With this trend in mind Lowry conceived the Wargaming with Miniatures series for which he recruited rulebook authors from the ranks of the International Federation of Wargamers.  Through the IFW Lowry met Gary Gygax, who served as series editor.  Gygax began working for Guidon in 1970. Gygax and Jeff Perren's set of rules for medieval miniatures that had been published in the Castle & Crusade Society's The Domesday Book resulted in Gygax being hired by Guidon Games to develop their "Wargaming with Miniatures" series of games. Gygax also co-authored the first title in the series, Chainmail, which became Guidon's best seller. The series came to include games and books by Lou Zocchi, Tom Wham, and Dave Arneson. Other notable titles in the series are Tractics, one of the first published games to make use of the 20-sided die, and Don't Give Up The Ship!, the first collaboration between Gygax and Arneson, the co-creators of Dungeons & Dragons.

Guidon also produced Avalon Hill style board wargames, as well as supplements designed to be used with existing Avalon Hill board games.  Avalon Hill later republished Alexander the Great, one of Guidon's stand-alone games, while TSR republished Fight in the Skies.

Guidon was a small publisher, and print runs were never more than a few thousand.  Lowry apparently failed to recognize the potential of Dungeons & Dragons, prompting Gygax to found TSR.  Gygax made the following recollection about the company in 2004:

Guidon Games had a game shop, sold gaming via the mail, published a magazine and likewise printed and sold military miniatures rulebooks and boxed board wargames. They were small but certainly a legitimate company....  I was paid for the work I did for them, yes. Unfortunately, sales volume did not make the income received thus sufficient to do more than supplement income from other work. I was asked to go to work for them full time. That would have required me to move to the state of Maine. Tom Wham did so, but I thought their new location was a poor choice. Furthermore, the company was not run in an aggressive and responsive manner. In my opinion there was no chance for growth and success as things stood and I said so to Guidon. Sadly, I was correct in my judgement.

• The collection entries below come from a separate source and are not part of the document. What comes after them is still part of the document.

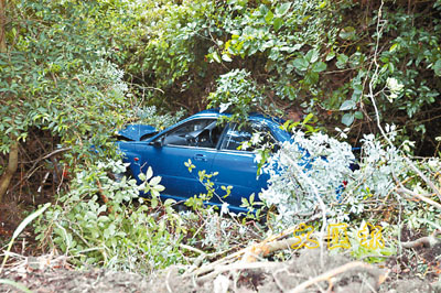 跑車失控撞壆衝落山坡 (圖)
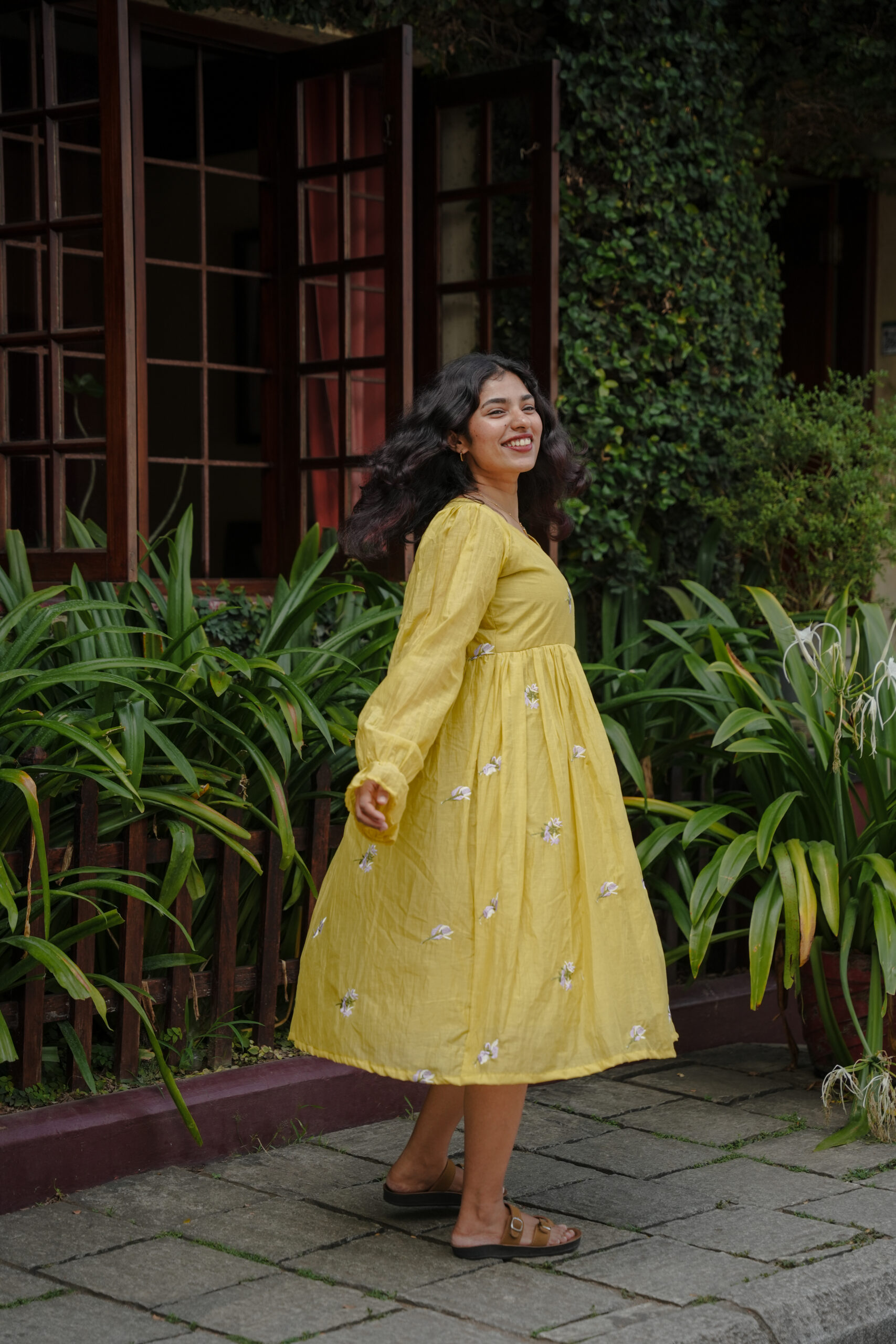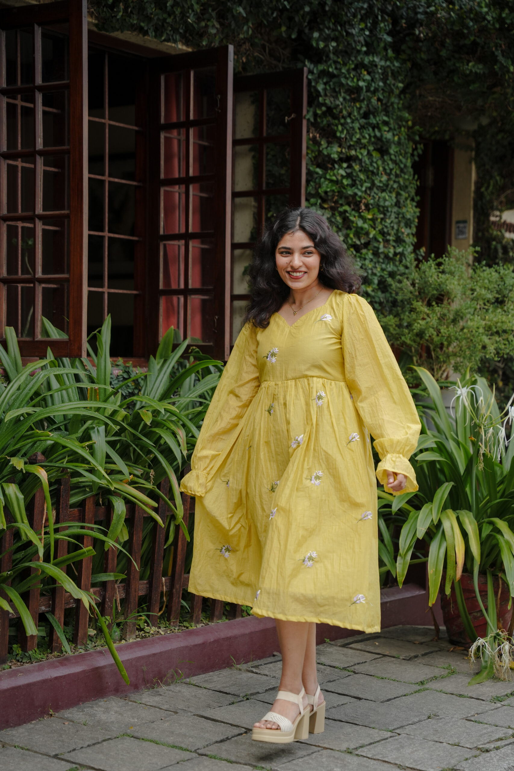 The Californian Sunshine Dress is a celebration of soft femininity and effortless charm. Crafted in a warm butter-yellow tone and adorned with delicate floral embroidery, this dress radiates freshness and grace.
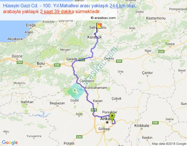 Hüseyin Gazi Cd. - 100. Yıl Mahallesi arası yaklaşık olarak 90 km/h ile yukarıda belirtilen sürede olup, iki yerin kuş uçuşu uzaklığı (mesafesi) 146'dir. Yolculuk otobüsle 3 saat 26 dakika sürmektedir.
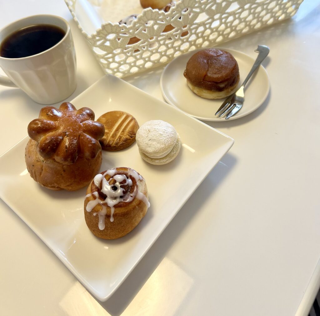 焼き立てのシナモンロールとブッセに、
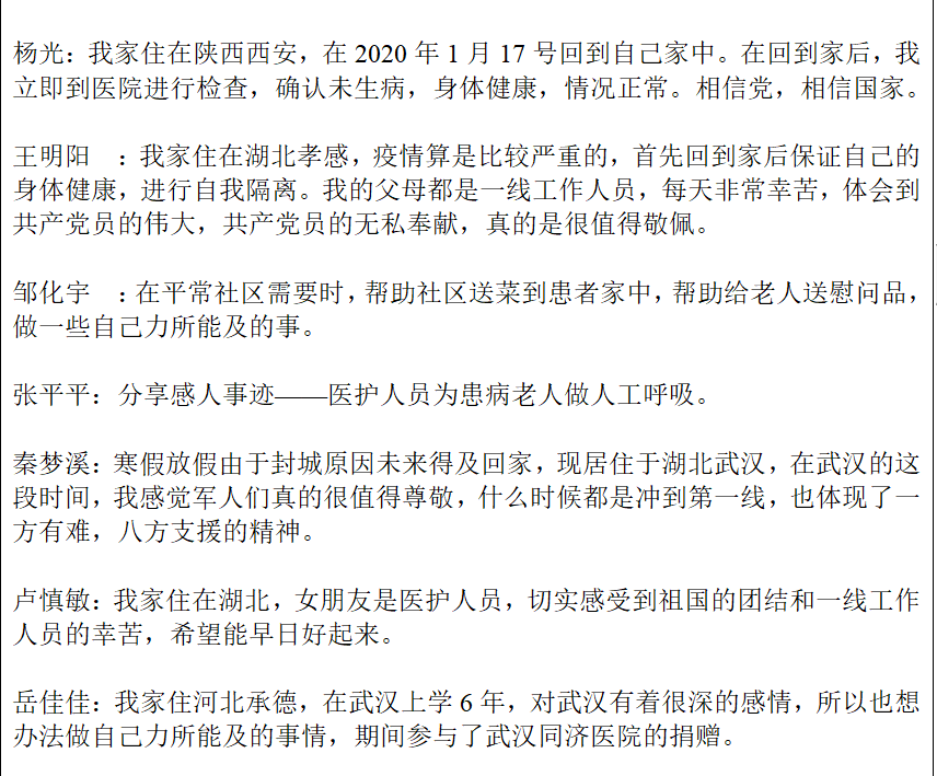 贺江同志谈到,“我待在武汉,当前疫情防控形势严峻,身在一线的医生护士非常辛苦。作为普通党员,我们首先要服从党组织安排,做好防护工作;第二,我们要学习各种管控措施与相关的文件精神,加强思想理论武装;第三,我们要尽自己的努力,做好宣传工作或志愿服务工作,为疫情防控贡献自己的力量,一起努力,共战疫情。”
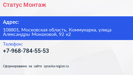 Статус Монтаж по адресу 108801, Московская область, Коммунарка, улица Александры Монаховой, 92 к2 в дальнейшем Организация, размещена в следующих категориях:
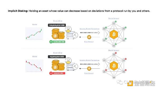 在PoW机制中,成为出块节点的概率与节点所消耗的算力成正比。因此,虽然PoW区块链并没有显性质押机制(注:显性质押机制指用户在智能合约中锁定cryptocurrency,如果违规会被没收这笔钱),但这类区块链却存在隐性质押机制,因为节点不仅会持有网络原生通证,通常还会花钱购买昂贵的硬件设备来扩展算力,以争取获得区块奖励的机会,而且通常这些硬件无法在各个链之间通用。如果miner无法通过mining奖励来获得收入,那么他们花在设备和电力上的成本就白费了。如果网络安全无法得到保障,那么mining设备以及原生资产的市场价值也会下跌,这将间接导致经济损失。
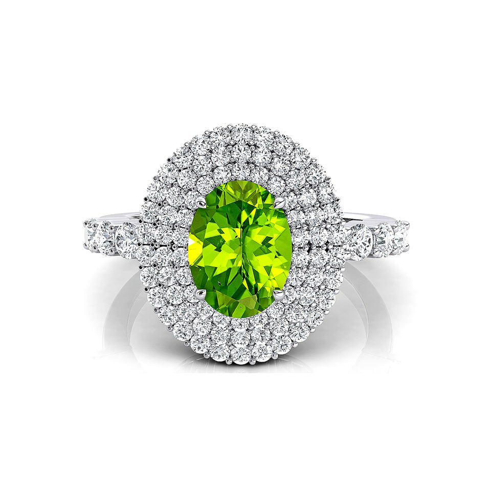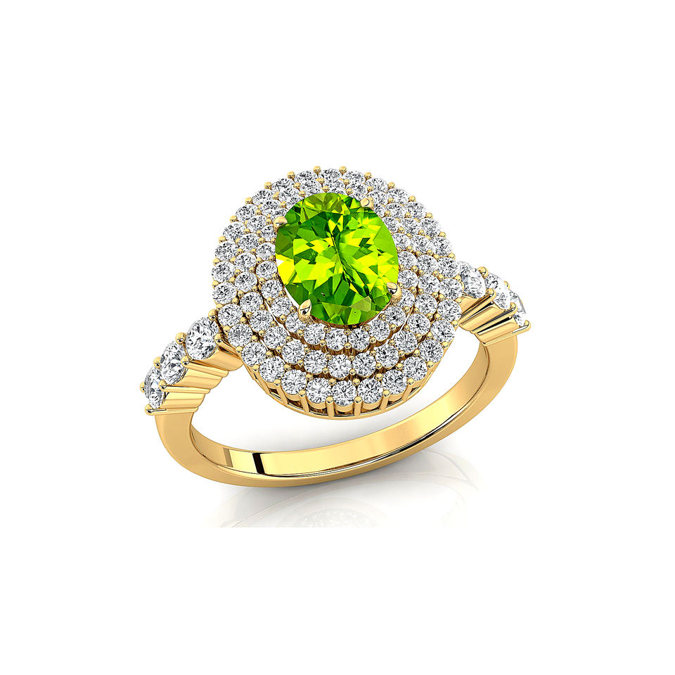 แหวนพลอยเพอริโดต์ธรรมชาติทรงรีสีทอง18K สุดหรูพร้อมเพชรสีขาวธรรมชาติเครื่องประดับขายส่ง ODM
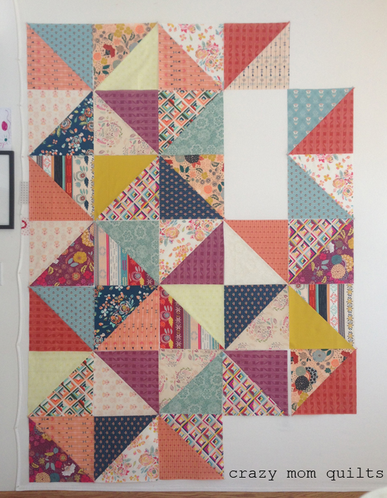 Since I'm such a hard-core scrap user, it felt a little weird to cut into so much new fabric all at once. I almost forgot what that felt like...but it sure was fun! I made the entire quilt top (and basted it!) in one Saturday. I could get used to that. :)
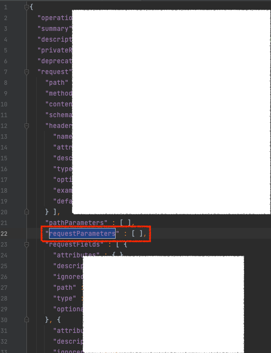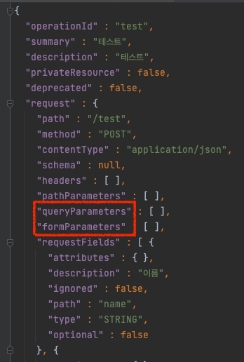 테스트 빌드 결과물로 직접 확인해보았습니다. 확인해보니 requestParameters는 없고 파라미터 관련 정보는 queryParameters, formParameters가 있었습니다.
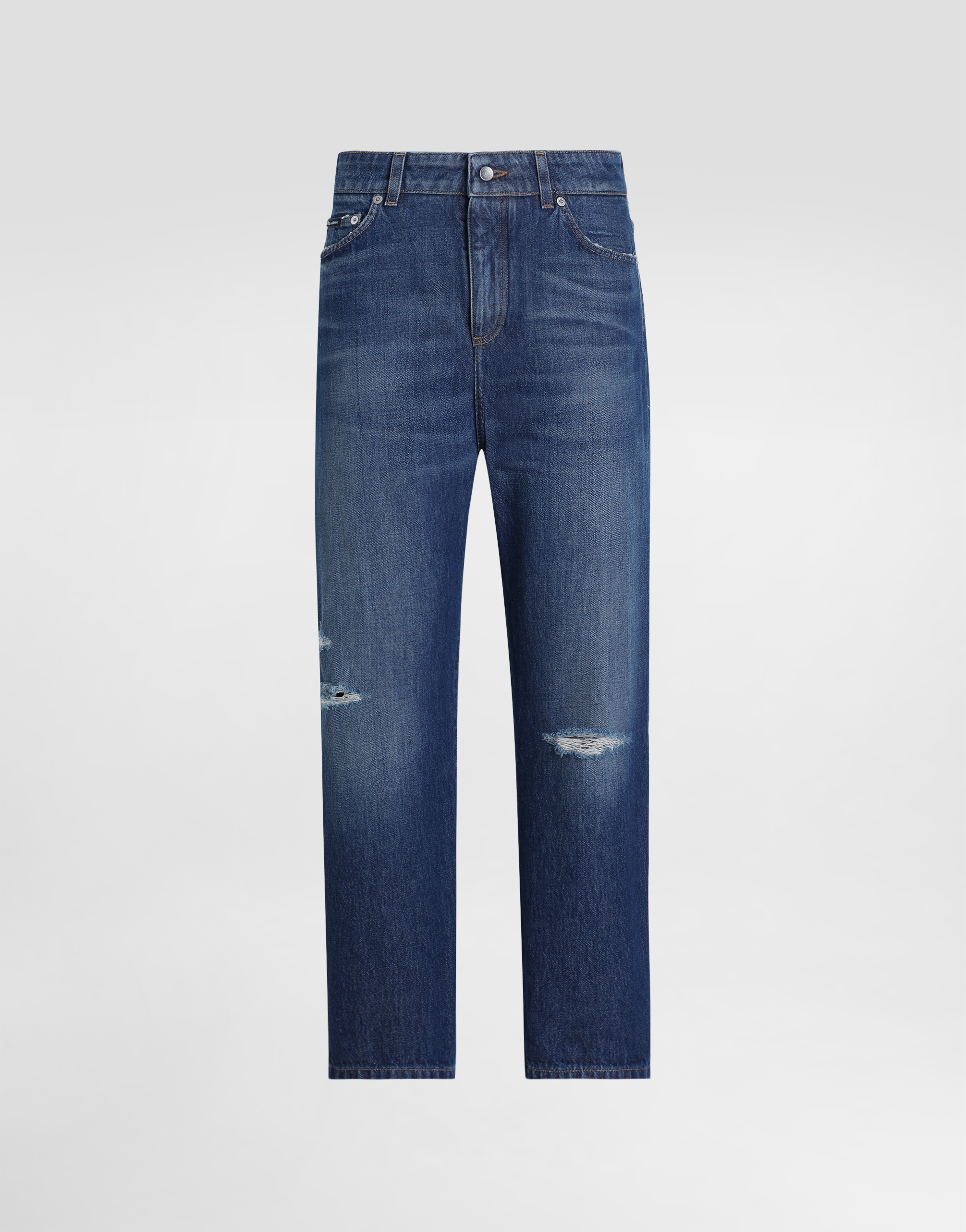 Джинсы-бойфренды из хлопкового денима с потертостями:

Despite its brief existence, Guidon had a large influence on TSR and the nascent RPG industry. In addition to Gygax and Arneson, Lowry worked with Lou Zocchi, Tom Wham, and Mike Carr.  TSR initially patterned itself on Guidon, publishing sets of wargaming rules such as Cavaliers and Roundheads in the same pamphlet format used by Guidon.  TSR took over some of Guidon's titles in 1975.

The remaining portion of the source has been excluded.